# French Vanilla Coffee Creamer??



## Little Moon (Dec 29, 2007)

I am totally addicted to the stuff, and would love a recipe to make some from my goat milk. Does anyone have a recipe to make this stuff?

Thanks,
Anne


----------



## Sondra (Oct 25, 2007)

FRENCH VANILLA COFFEE CREAMER

1 (14 oz) can sweetened condensed milk (regular, low fat, or fat free)
1 1/2 cups milk (or reconstituted fat free milk)
1 tablespoon vanilla extract

Combine all ingredients in a blender and blend well. Or, shake ingredients together in a jar until well blended.

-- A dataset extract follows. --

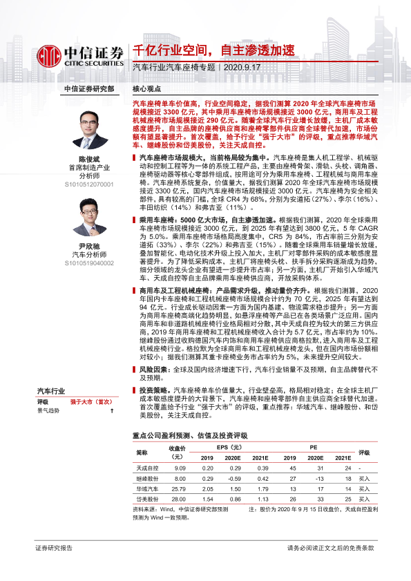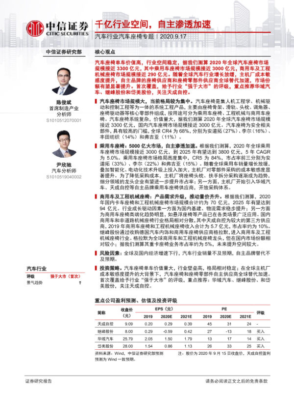 【中信证券】【20200917】汽车行业汽车座椅专题:千亿行业空间,自主渗透加速-17页
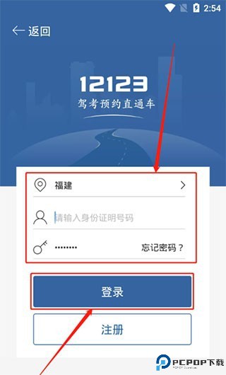 4、这边需要登录一下,选择自己驾考报名的省份,填写要查询的人身份证号和交管12123的密码。

Store in the refrigerator. Will keep for approximately two weeks.

VARIATIONS:

Add specialty flavor syrups (like Torani) or:

FOR CHOCOLATE ALMOND COFFEE CREAMER:
Add 1 to 2 tablespoons unsweetened cocoa powder and 1 tsp almond extract

FOR ORANGE CAPPUCCINO COFFEE CREAMER:
Add 1 teaspoon almond extract and 1/2 teaspoon orange extract

FOR AMARETTO COFFEE CREAMER:
Add 1/2 teaspoon cinnamon and 1 teaspoon almond extract

FOR CHOCOLATE TRUFFLE MINT COFFEE CREAMER:
3 tablespoons unsweetened cocoa powder and 1 teaspoon peppermint extract.

Adapted from various online sources
MSG URL: http://www.recipelink.com/msgid/1425474


----------



## Little Moon (Dec 29, 2007)

Thanks Sondra. I will start experimenting right away. :biggrin

Anne


----------